§ PROBLEM TO SOLVE:
Starting at the first line of the entries, extract each line up to and including the one that contains "ライトグレー80*60オーバル二重テーブル+2レザー椅子", but leave out the pictures.

§ SUPPLIED INFORMATION:
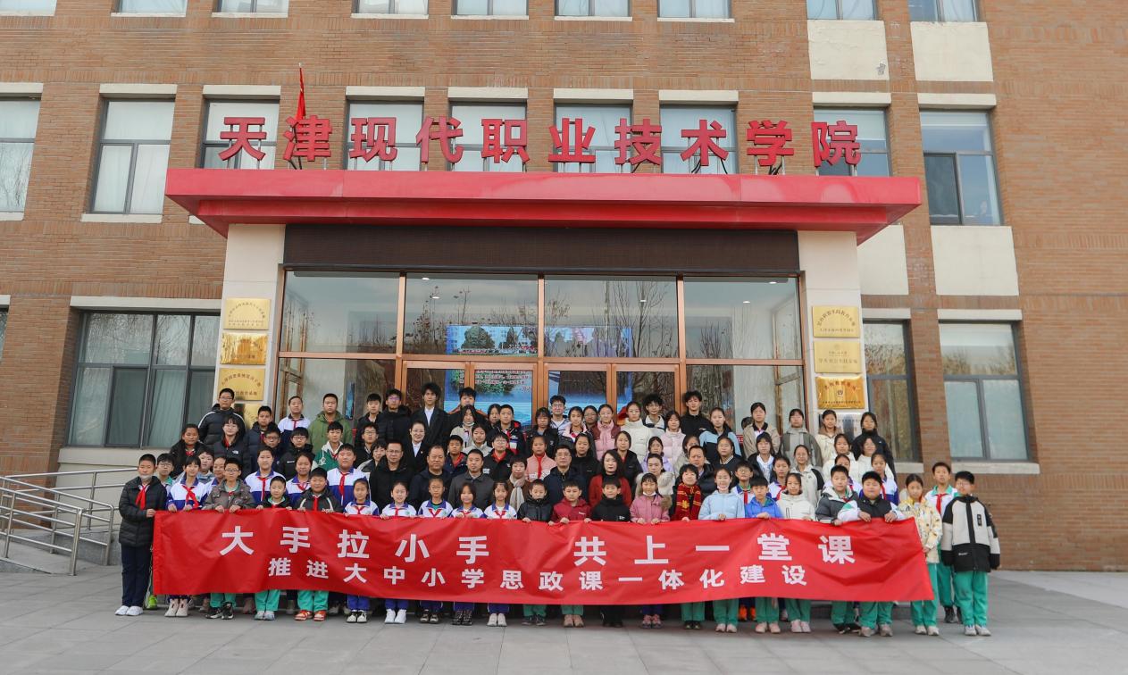 为深入学习贯彻全市教育大会精神,扎实做好新时代学校思想政治教育,深入推进大中小学思政课一体化改革创新走向深入,促进实践育人基地建设,12月10日,在海河教育园区管委会、津南区教育局、西青区教育局的大力支持和悉心指导下,best365英国在线体育官网联合天津市西青区王稳庄中学、南开学校、天津市西青区王稳庄小学、天津市西青区小孙庄小学、津南区小站第三小学,在天津海河教育园区思想政治教育实践基地(以下简称“红馆”),进行了一堂别开生面的“大手拉小手,同上一堂课”——大中小学思政课建设一体化共建活动。津南区、西青区、现代学院教师及学生代表130余人参加此次活动。
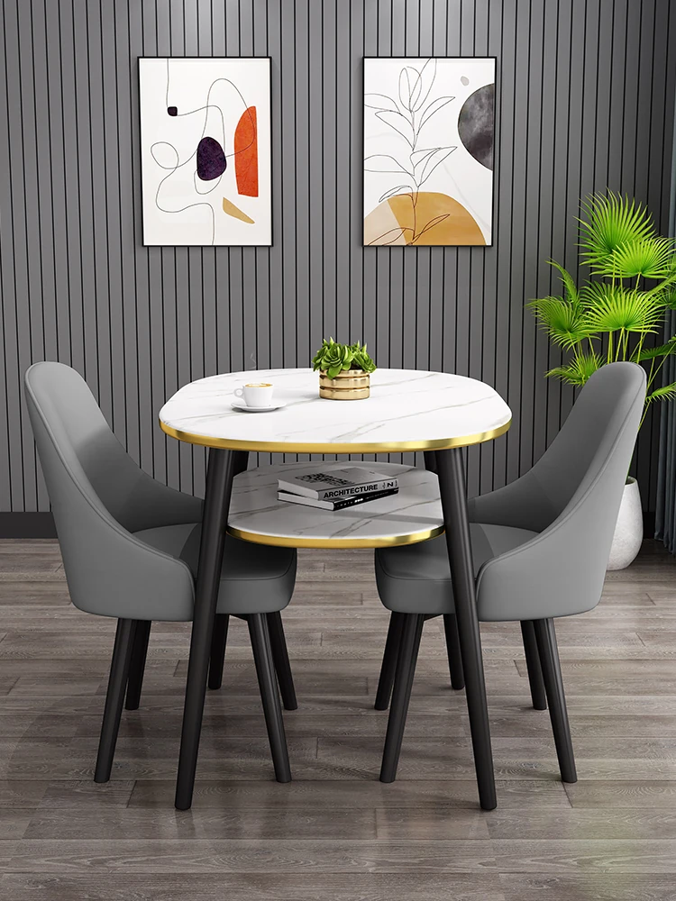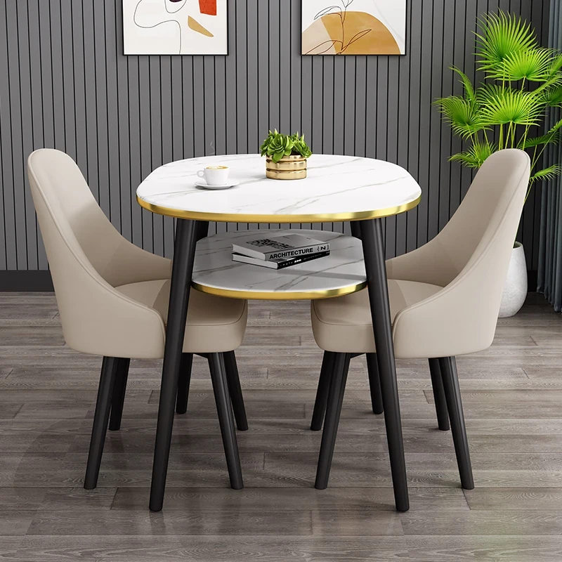 ライトグレー80*60オーバル二重テーブル+2レザー椅子
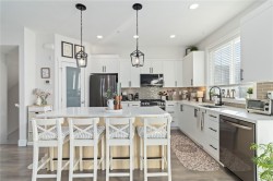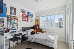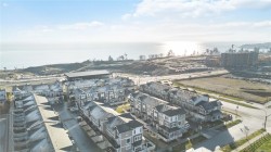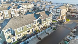 Experience "Compass" in Royal Bay! This 2021 GableCraft luxury townhome is loaded with upgrades. The open main floor features 9' ceilings, a custom built-in electric fireplace with ambiance settings, and a chef's kitchen with a new island, walk-in pantry, and new black stainless appliances (less than 1 yr old) including a gas range. Enjoy a 20'+ sunny balcony with peek-a-boo water views. Upstairs find 3 beds, a laundry room with custom counters/shelving, and a primary suite with walk-in closet and spa-like double vanity ensuite. The lower level offers a 4th bed/den leading to a private fenced yard. Highlights: double garage with EV hookup, gas furnace, gas hot water on demand, and low strata fees ($333/mo) including water/garbage. Walk to the beach, schools, and shopping! Meticulous condition with new home warranty. Best in class—book now! All sizes approx; Buyer to verify.
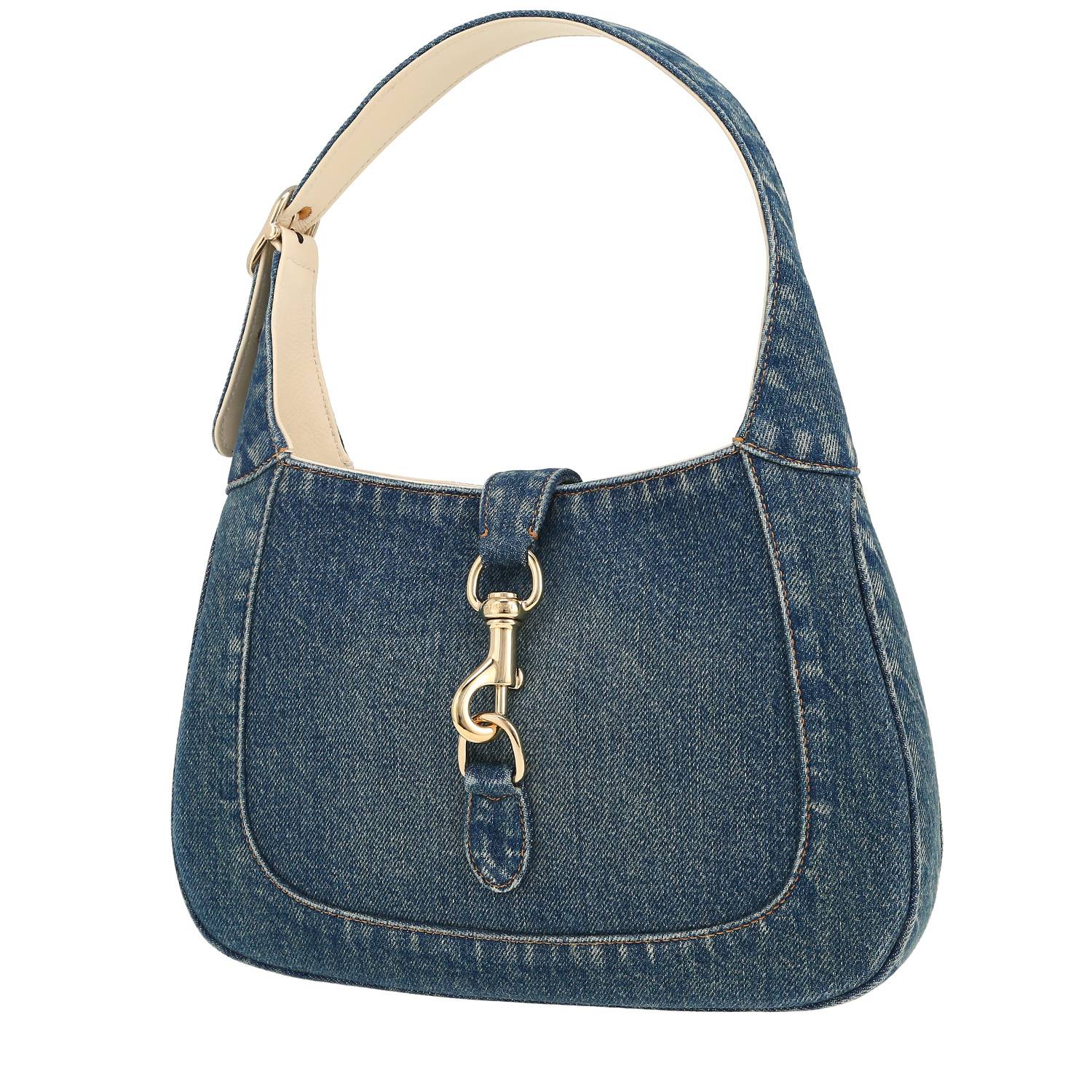 Charmant sac bandoulière Gucci Jackie en toile denim bleu, garniture en métal doré, une anse en toile denim bleue, anse bandoulière en toile denim bleue permettant un porté main ou épaule ou bandoulière.
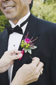 Some times ago the wedding day was believed to be a moment in which the bad spirits were called. In consequence, there were used some herbs in order to protect the couple and the guests from bad things, hers that were worn around the waist, in the hair or on the chest. It seems that the idea of cockades is reminiscent to those periods and some of the grooms apply for them as well, but other have renounced to this tradition completely.
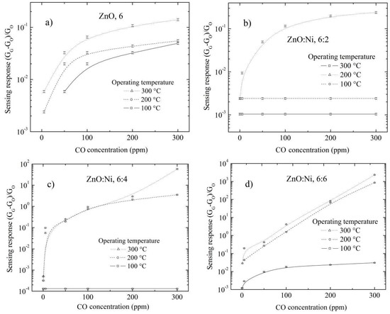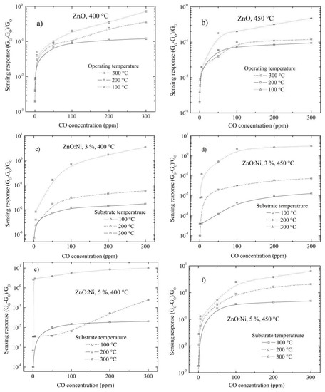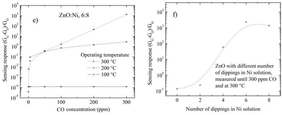 The results of sensing responses for undoped ZnO and doped ZnO films deposited by UPS and in an environment of CO are present in Figure 13a–f. In the same case, the sensing responses of ZnO films deposited by dip coating in a CO environment were smaller compared to ZnO films in a C3H8 environment. The heath that the heather radiates causes the C3H8 molecules to become fragmented, causing a higher possibility of reaction of the C3H8 molecules with the ZnO surface; hence, in general, the sensing responses are higher in a propane environment than in carbon monoxide. Furthermore, the sensing responses decrease as the number of dippings in Ni solution increases, from the eighth dipping for the ZnO films deposited by dip coating in both a C3H8 and CO environment (Figure 9 and Figure 10); however, the sensing response increases as the Ni in Zn solution increases for the ZnO films deposited by UPS in both a C3H8 and CO environment (Figure 12 and Figure 13). In the next section, we analyze the sensing responses in the function of the Ni concentration in crystal lattice.
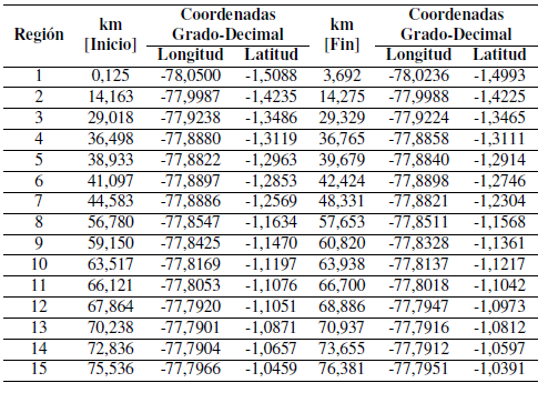 se conoció que la carretera estudiada cuenta con 15 regiones entre alta y muy alta probabilidad para la ocurrencia de deslizamientos. Estas regiones se situaron sobre zonas de alta pendiente, litología porosa y permeable, gran cantidad de ríos y suelos aptos para la agricultura. De igual forma, las regiones 1, 6, 8 y 15 se situaron cerca a los poblados de Puyo, Santa Clara, Arosemena Tola y Puerto Napo, respectivamente. Estas regiones, a pesar de su cercanía a los poblados en mención, aparentemente no representan un riesgo para los habitantes del sector.

§ THE COMPLETED TASK:
 为深入学习贯彻全市教育大会精神,扎实做好新时代学校思想政治教育,深入推进大中小学思政课一体化改革创新走向深入,促进实践育人基地建设,12月10日,在海河教育园区管委会、津南区教育局、西青区教育局的大力支持和悉心指导下,best365英国在线体育官网联合天津市西青区王稳庄中学、南开学校、天津市西青区王稳庄小学、天津市西青区小孙庄小学、津南区小站第三小学,在天津海河教育园区思想政治教育实践基地(以下简称“红馆”),进行了一堂别开生面的“大手拉小手,同上一堂课”——大中小学思政课建设一体化共建活动。津南区、西青区、现代学院教师及学生代表130余人参加此次活动。
 ライトグレー80*60オーバル二重テーブル+2レザー椅子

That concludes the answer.